Dissertation Title: RF-Visual Perception with Applications to Mobile Sensing, Robotics, & Augmented Reality
Abstract:
Mobile and wireless sensing technologies play a critical role in Internet of Things, Augmented Reality (AR), robotics, environmental monitoring, and human health monitoring. Despite their ubiquity, each of today’s mobile sensing technologies is limited in a fundamental way: cameras can capture high-resolution images but are limited to the line of sight and cannot sense behind occlusions; wireless sensing (e.g., using WiFi or Bluetooth) can traverse occlusions but has limited sensing resolution; inertial sensors can track with high accuracy and speed but suffer from spatiotemporal drift.
This thesis introduces algorithms, learning models, and systems to fuse different sensing modalities, particularly radio frequency (RF) and cameras. However, RF and vision are inherently two different sensing modalities, which makes their fusion a complex task. To address this challenge, this thesis leverages and develops advanced signal processing techniques and mathematical modeling that combine different sensing modalities. As a result, it unlocks new capabilities for IoT-connected and mobile systems, such as AR headsets and robots, and enables new perception, interaction, and manipulation tasks.

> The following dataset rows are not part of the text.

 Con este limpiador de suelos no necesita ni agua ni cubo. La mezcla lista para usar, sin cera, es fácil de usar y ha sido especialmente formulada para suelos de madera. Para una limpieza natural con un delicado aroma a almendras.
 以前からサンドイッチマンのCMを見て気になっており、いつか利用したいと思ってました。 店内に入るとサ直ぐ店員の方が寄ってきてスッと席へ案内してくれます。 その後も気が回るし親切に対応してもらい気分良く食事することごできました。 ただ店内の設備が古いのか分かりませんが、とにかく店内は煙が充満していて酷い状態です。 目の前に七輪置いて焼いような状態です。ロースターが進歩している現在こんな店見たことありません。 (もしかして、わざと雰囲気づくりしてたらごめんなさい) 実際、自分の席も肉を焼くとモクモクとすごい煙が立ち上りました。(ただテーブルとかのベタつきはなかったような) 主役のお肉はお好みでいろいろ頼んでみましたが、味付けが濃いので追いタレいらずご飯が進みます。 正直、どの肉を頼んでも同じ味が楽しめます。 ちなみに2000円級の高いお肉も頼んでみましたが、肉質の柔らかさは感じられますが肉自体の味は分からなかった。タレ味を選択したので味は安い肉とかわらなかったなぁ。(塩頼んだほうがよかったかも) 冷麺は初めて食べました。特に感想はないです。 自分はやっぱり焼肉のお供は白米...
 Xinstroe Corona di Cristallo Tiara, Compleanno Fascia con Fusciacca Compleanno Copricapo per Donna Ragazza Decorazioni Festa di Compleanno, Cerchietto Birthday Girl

The thesis has three core components, the first focuses on RF-Visual perception for cyber-physical systems. We present the design, implementation, and evaluation of RFusion, a robotic system that can search for and retrieve RFID-tagged items in line-of-sight, non-line-of-sight, and fully-occluded settings. We then introduce FuseBot, a robotic system that rather than requiring all target items in a pile to be RFID-tagged, leverages the mere existence of an RFID-tagged item in the pile to benefit retrieval of both tagged and untagged items.
The second component focuses on RF-Visual perception for cyber-human systems. We present the design, implementation, and evaluation of X-AR, an AR system with non-line-of-sight perception. X-AR augments AR headsets with RF sensing to enable users to see things that are otherwise invisible to the human eye or to state-of-the-art AR systems. We then explore how to exploit synergies between AR headsets and RFID localization to improve both user experience and localization accuracy. Using fundamental mathematical formulations for RFID localization, we derive confidence metrics and display guidance to the user to improve their experience and enable them to retrieve items faster.

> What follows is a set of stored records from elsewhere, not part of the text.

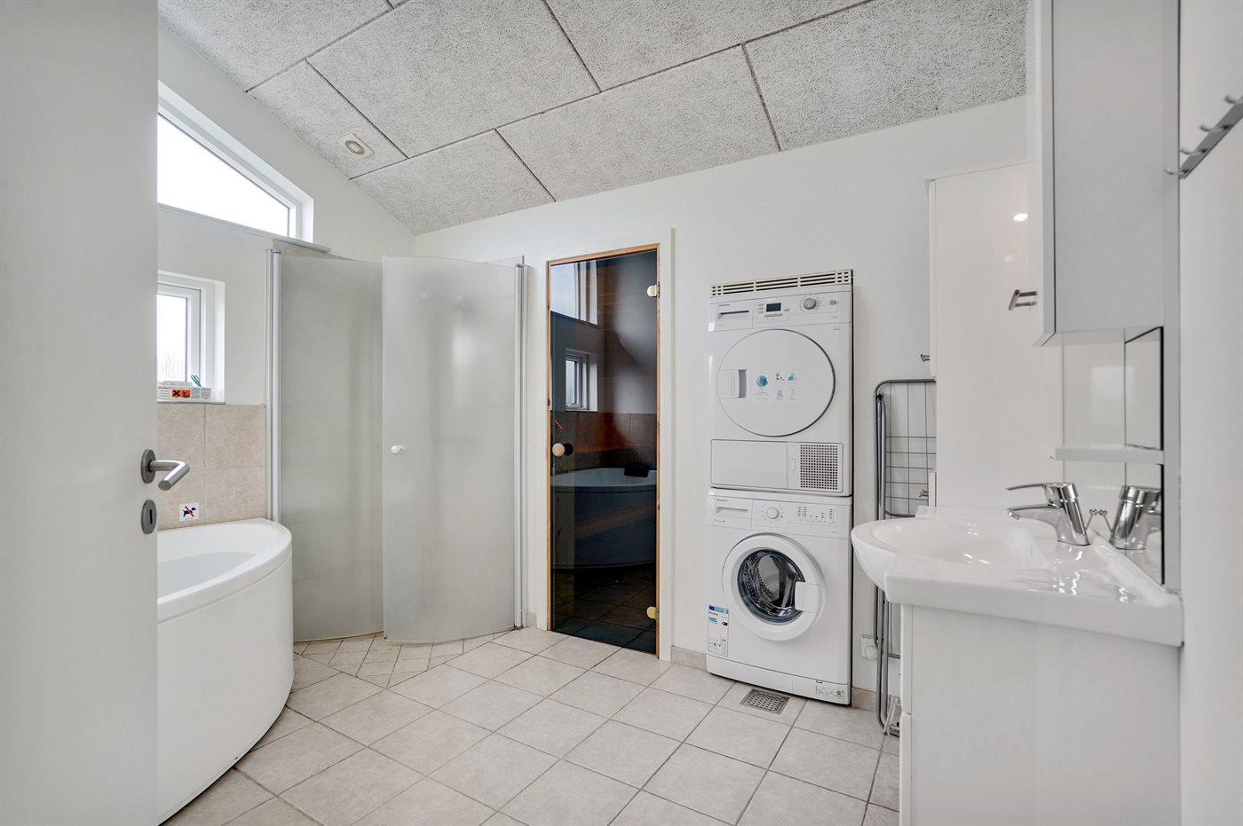 Der er 2 badeværelser med bruseniche og 2 toiletter. Der er gulvvarme på 2 badeværelser. I saunaen er der mulighed for afslapning.
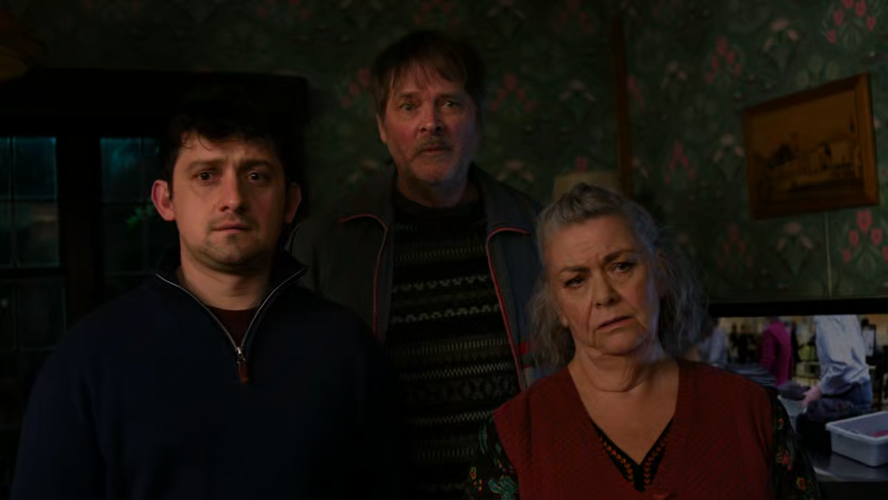 Debbie has news: Harry's dad isn't actually dead, he's just hiding in the loft so they can swindle the cash from his life insurance. Will Harry join these two twits in their scam?
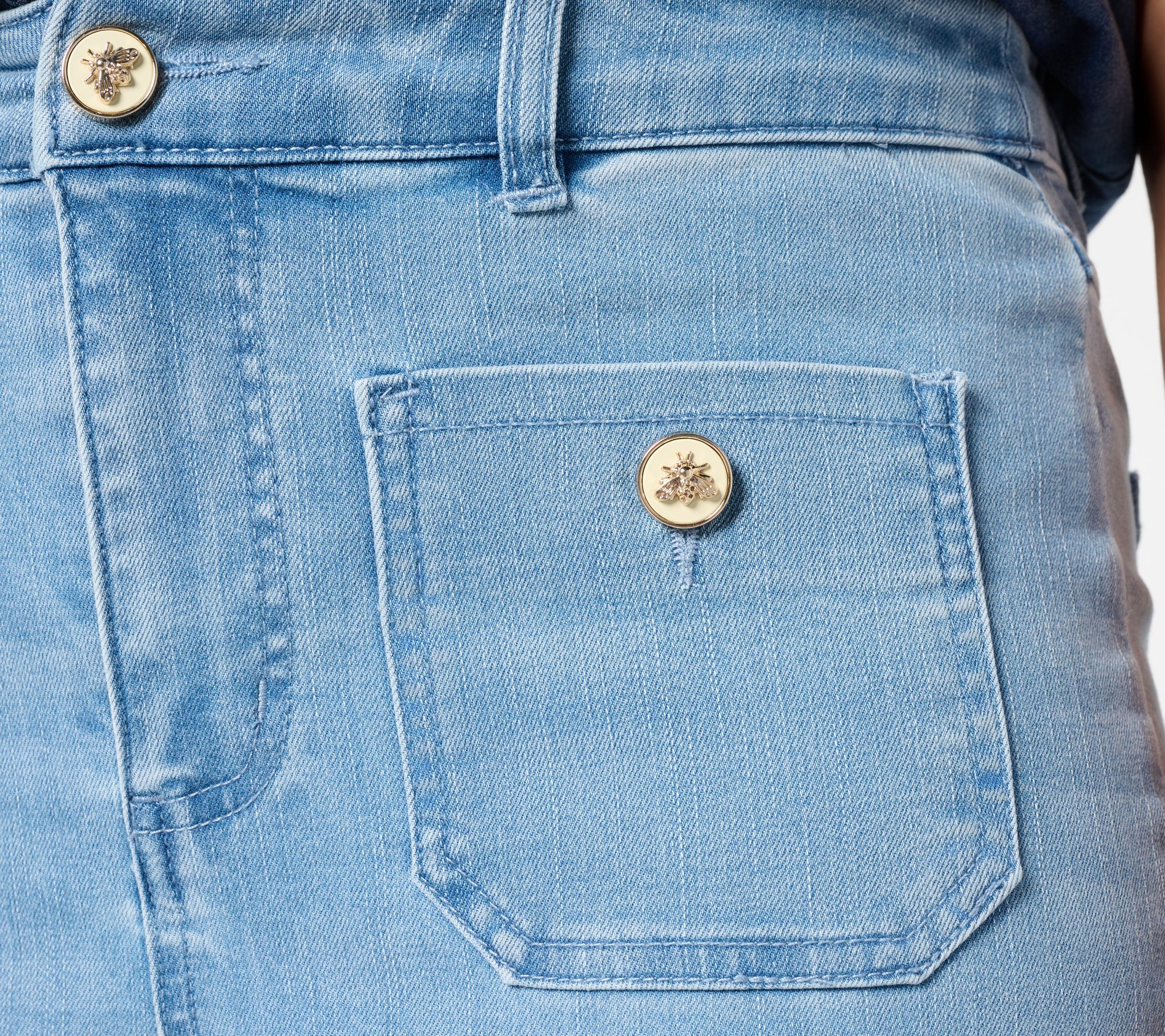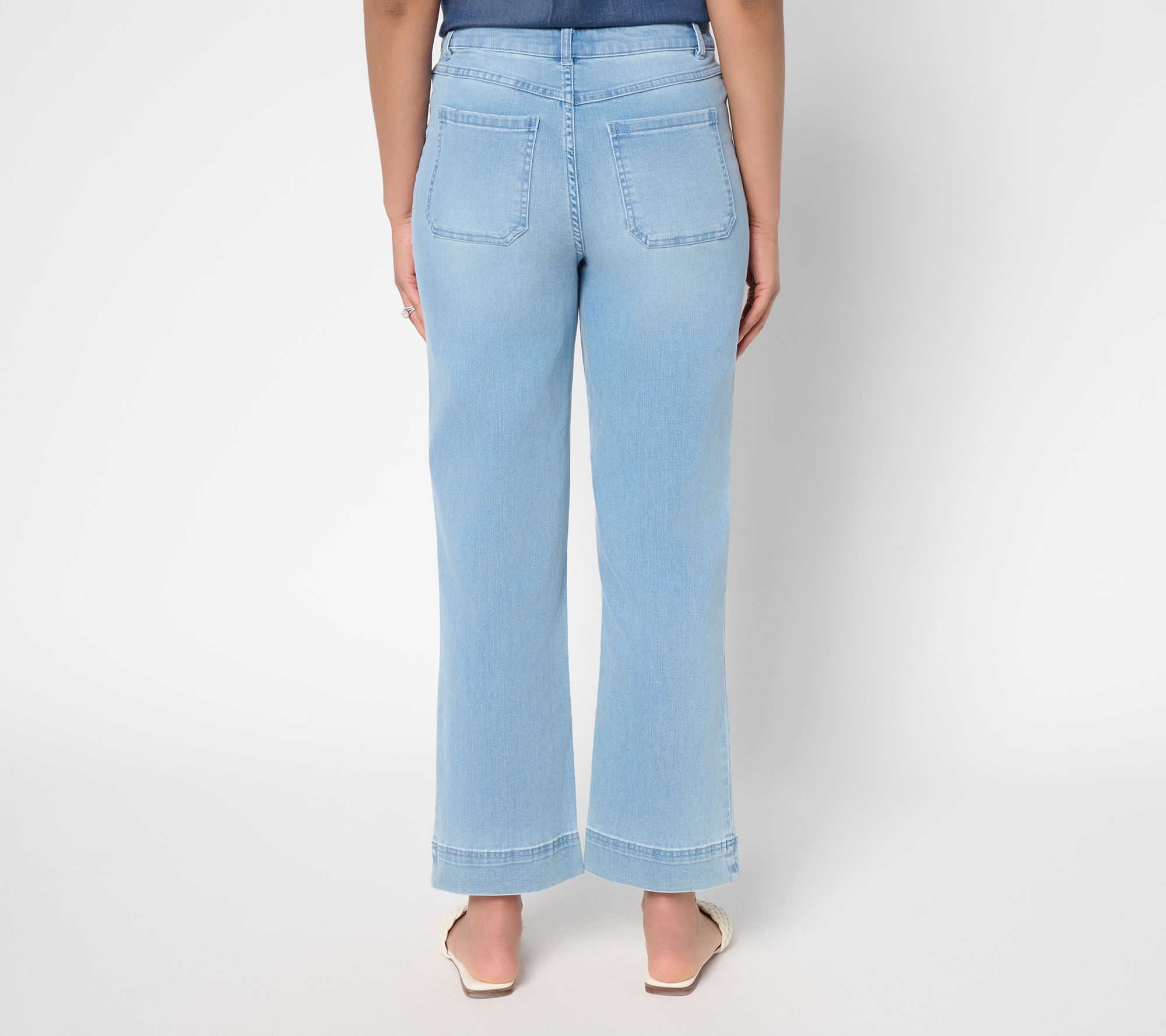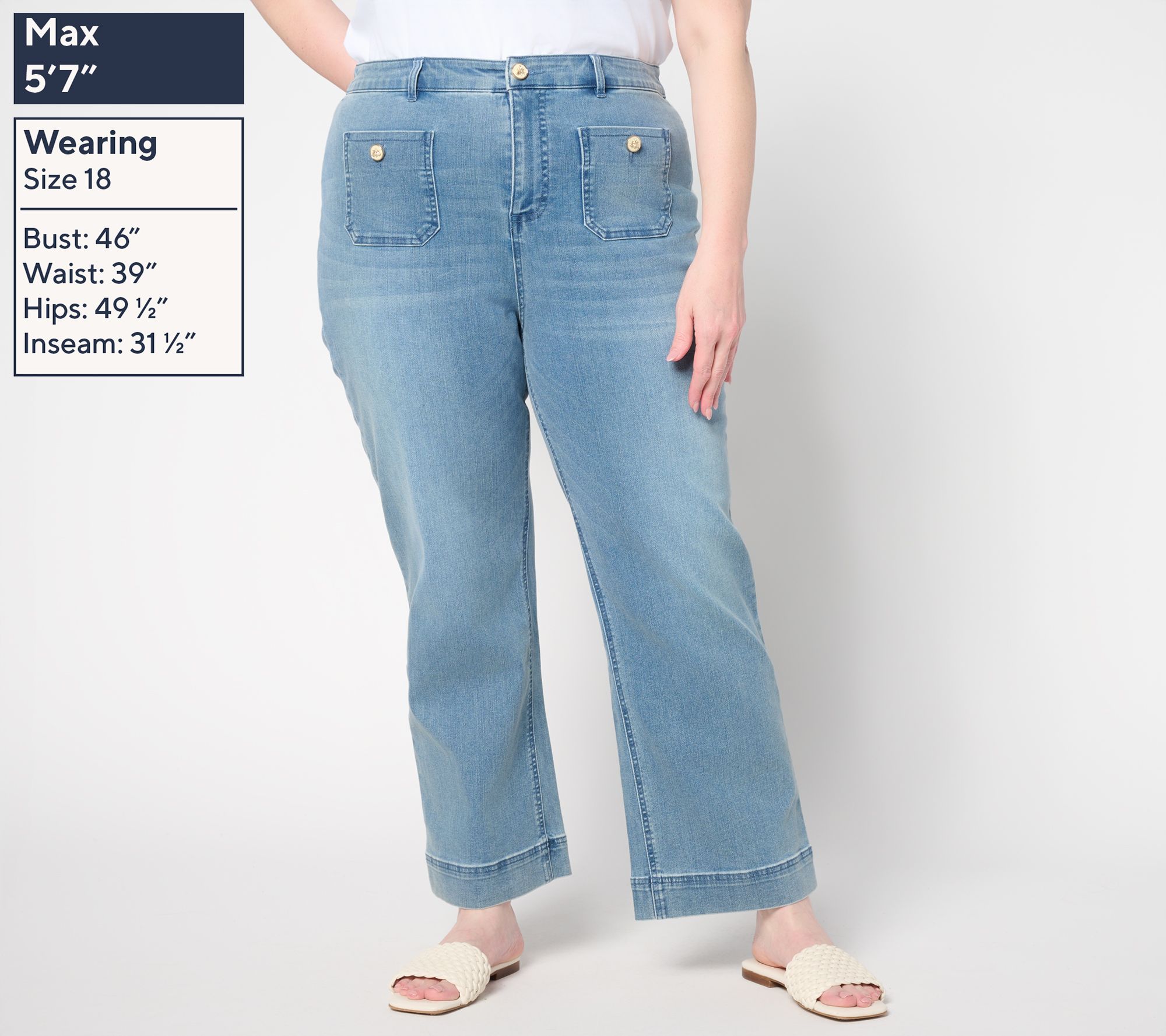 Refreshingly stylish for garden parties, brunch dates, or in-office days, these denim trousers blend a classic full leg with a vintage-y vibe -- and too-cute bee buttons! Style them with your favorite sandals or heels for an effortlessly chic look. From the Joan Rivers Classics Collection®.

The final component of this thesis answers the question of how we can perform non-line-of-sight perception without any RF-tags altogether. To do this tag-less perception, we use millimeter wave (mmWave) signals and off-the-shelf mmWave radars. We introduce a real-world dataset of mmWave images of everyday objects and an open-source simulation tool that can be used to generate synthetic mmWave images for any 3D triangle mesh. We demonstrate the usefulness of this dataset and simulation tool in multiple perception tasks in non-line-of-sight.
The combination of these three components introduce new sensing modalities that open up important capabilities for a variety of applications in manufacturing, warehousing, logistics, and supply chain as well as Human Computer Interaction (HCI) and Human Robot Interaction (HRI).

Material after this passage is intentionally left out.